On 11/10/2010 17:54, DE wrote:
hi there if you focus on simd-aware - and more specifically x86 simd - implementation _DON'T_ read further consider OpenCL as a general way to speed up computations (which uses simd as one of backends as well as gpu shader units etc.) i think it will be much more general and useful
OpenCL is a possible implementation, albeit we choose to call the various SIMD instructions ourselves to have more control on the toolchain and the end result. OpenCL will however be our main backend for GPU targets which we will be supporting in the future. Or maybe we will just target it through Clang and LLVM. NT2 (also know as the crazy frenchman library), upon which this effort is based, only supports x86 (SSE, ..., SSE4, AVX) and PowerPC (AltiVec). ARM (NEON, VFP) is being added. An effort has been made in its design so that instructions could register themselves for a particular (type, cardinal) pair, all of which ranked according to a category to select the best candidate.
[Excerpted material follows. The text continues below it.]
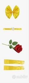 Il costume include abito giallo principessa, fiocco per capelli, girocollo, rosa e guanti gialli.

It heavily uses meta-programming, including rewritten bits of MPL to augment its compile-time performance. It also uses expression templates with Proto to detect certain patterns, such as fused multiply-add, for which x86 is introducing new instructions soon. Therefore it is very tunable and extensible. The bit I wanted to discuss here, however, is not the implementation, but rather the interface that the library provides to the programmer. We aim to provide an interface in modern C++ that integrates well with the standard library and Boost in order to allow developers to make use of SIMD in an easy and fairly high-level fashion, potentially using meta-programming to write an algorithm with parametric register and cache sizes. OpenCL is not an interface that satisfies those criteria.